§ PROBLEM
Your job here is to restate every record exactly, pictures excluded.

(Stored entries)
++++++++++++++++++++
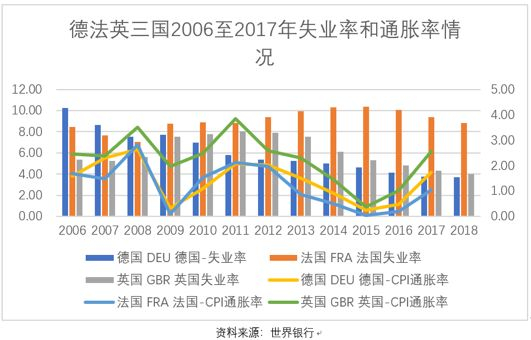 欧洲债务危机以来,整个欧洲都在和通货紧缩做斗争,因此低通胀的环境里,货币政策仍有扩张的空间。与同受欧盟央行货币政策控制的法国相比,德国的通胀率也要好一些(注:英国的货币政策独立于欧盟)。真是没有对比就没有伤害,德国的失业率也比法国低了好大一截,这展示出德法两国迥然不同的境遇:德国因低失业率,居民的收入有保障,自然因消费有支撑而获得更多的增长动力。而法国则深陷泥潭,“黄背心”示威抗议不绝,背后的本质原因就是失业率居高不下,居民增收困难,以至于消费不起,消费不振自然不利于提振经济增长。
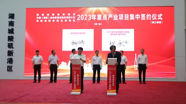 9月13日上午,城陵矶新港区举行2023年第三季度重点产业项目集中签约仪式,市委副书记、市长李挚,市政府秘书长孙志诚,企业家代表等出席并见证签约。
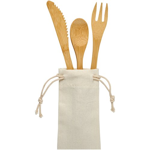 Besteckset aus Bambus, bestehend aus Gabel, Messer und Löffel. Wird in einem Vliesbeutel geliefert.
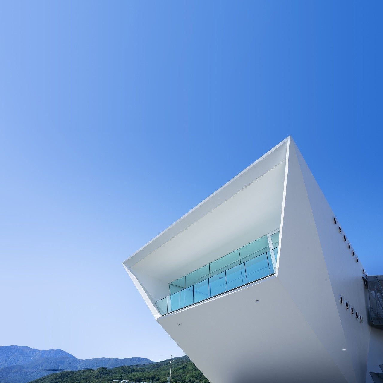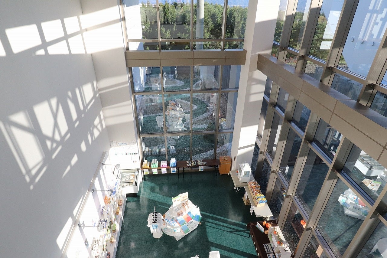 外観&吹き抜けのエントランス中央アルプスと南アルプスに囲まれた風光明媚な地に位置し、雪をまとった山々をイメージした特徴的な白い建物は、その斬新なデザインでこれまで数々の賞を受賞しています。
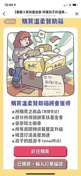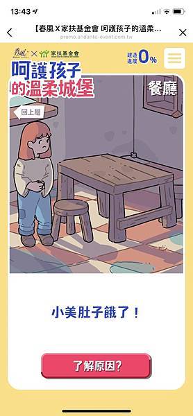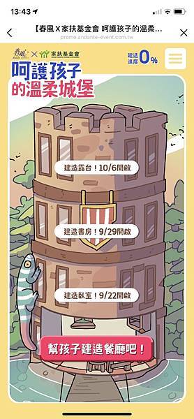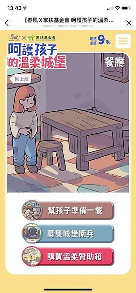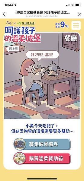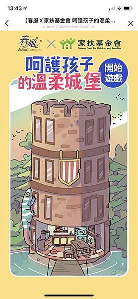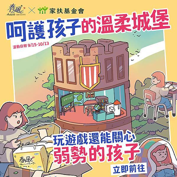「呵護孩子的溫柔城堡」為一款在春風LINE官方帳號上即可遊玩的線上遊戲,每週一主題(9/15餐廳-健康議題、9/22臥室-不當對待議題、9/29書房-教育議題、10/06露台-寄養議題),連續四週民眾可以觀察到更多弱勢孩童生活,藉由自己的愛傳遞到每個孩子的需求,春風需要透過您的互動讓溫柔城堡中的代表人物(小美)準備溫飽的三餐;也希望購過您的力量幫小美募集3位好友作為溫柔城堡衛兵,透過LINE散播出去,號召更多人一起行動支持,當然,也可以在AeSHOP上購買春風指定商品,春風衛生紙將會捐出部分所得予家扶基金會,為弱勢孩童帶來第一線的幫助。
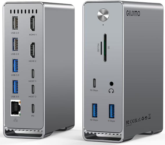 | Description: | Giissmo 14-in-2 MacBook Pro Docking Station, Dual Monitor USB-C W/ Dual 4K HDMI 60Hz, 10Gbps, RJ45, Audio, SD/TF Slots, 87W PD | |||
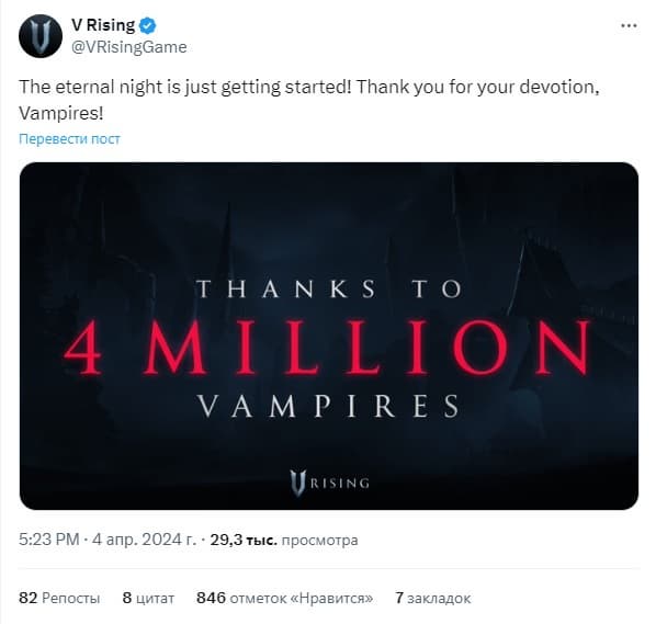 Оказывается, достигнут впечатляющий рубеж – продано более четырех миллионов копий вампирского выживания. Интерес также связан с высокими оценками – 88% в Steam из почти 70 000 отзывов.
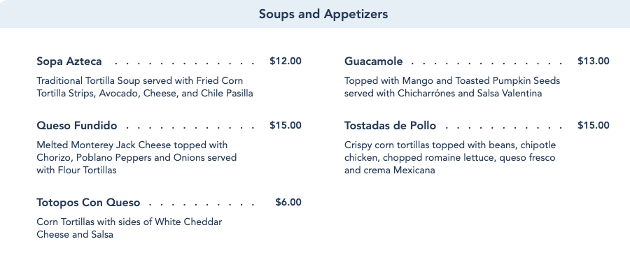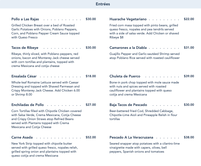 Thirty dollars for a dinner plate at Disney seems pretty much in line with other on site TS prices. These aren’t from Taco Bell, after all. Rib eye steak and some pretty nice toppings to assemble the tacos to your liking. Definitely paying a premium for the atmosphere too. Don’t know that I would pay that much, probably would just get some at the QS if I was in the mood for Mexican food at Epcot, although a friend from a Mexican-American family was favorably impressed with La Hacienda’s food and the fireworks view.
++++++++++++++++++++
§ ANSWER TO THIS PROBLEM
 欧洲债务危机以来,整个欧洲都在和通货紧缩做斗争,因此低通胀的环境里,货币政策仍有扩张的空间。与同受欧盟央行货币政策控制的法国相比,德国的通胀率也要好一些(注:英国的货币政策独立于欧盟)。真是没有对比就没有伤害,德国的失业率也比法国低了好大一截,这展示出德法两国迥然不同的境遇:德国因低失业率,居民的收入有保障,自然因消费有支撑而获得更多的增长动力。而法国则深陷泥潭,“黄背心”示威抗议不绝,背后的本质原因就是失业率居高不下,居民增收困难,以至于消费不起,消费不振自然不利于提振经济增长。
 9月13日上午,城陵矶新港区举行2023年第三季度重点产业项目集中签约仪式,市委副书记、市长李挚,市政府秘书长孙志诚,企业家代表等出席并见证签约。
 Besteckset aus Bambus, bestehend aus Gabel, Messer und Löffel. Wird in einem Vliesbeutel geliefert.
 外観&吹き抜けのエントランス中央アルプスと南アルプスに囲まれた風光明媚な地に位置し、雪をまとった山々をイメージした特徴的な白い建物は、その斬新なデザインでこれまで数々の賞を受賞しています。
「呵護孩子的溫柔城堡」為一款在春風LINE官方帳號上即可遊玩的線上遊戲,每週一主題(9/15餐廳-健康議題、9/22臥室-不當對待議題、9/29書房-教育議題、10/06露台-寄養議題),連續四週民眾可以觀察到更多弱勢孩童生活,藉由自己的愛傳遞到每個孩子的需求,春風需要透過您的互動讓溫柔城堡中的代表人物(小美)準備溫飽的三餐;也希望購過您的力量幫小美募集3位好友作為溫柔城堡衛兵,透過LINE散播出去,號召更多人一起行動支持,當然,也可以在AeSHOP上購買春風指定商品,春風衛生紙將會捐出部分所得予家扶基金會,為弱勢孩童帶來第一線的幫助。
 | Description: | Giissmo 14-in-2 MacBook Pro Docking Station, Dual Monitor USB-C W/ Dual 4K HDMI 60Hz, 10Gbps, RJ45, Audio, SD/TF Slots, 87W PD | |||
 Оказывается, достигнут впечатляющий рубеж – продано более четырех миллионов копий вампирского выживания. Интерес также связан с высокими оценками – 88% в Steam из почти 70 000 отзывов.
 Thirty dollars for a dinner plate at Disney seems pretty much in line with other on site TS prices. These aren’t from Taco Bell, after all. Rib eye steak and some pretty nice toppings to assemble the tacos to your liking. Definitely paying a premium for the atmosphere too. Don’t know that I would pay that much, probably would just get some at the QS if I was in the mood for Mexican food at Epcot, although a friend from a Mexican-American family was favorably impressed with La Hacienda’s food and the fireworks view.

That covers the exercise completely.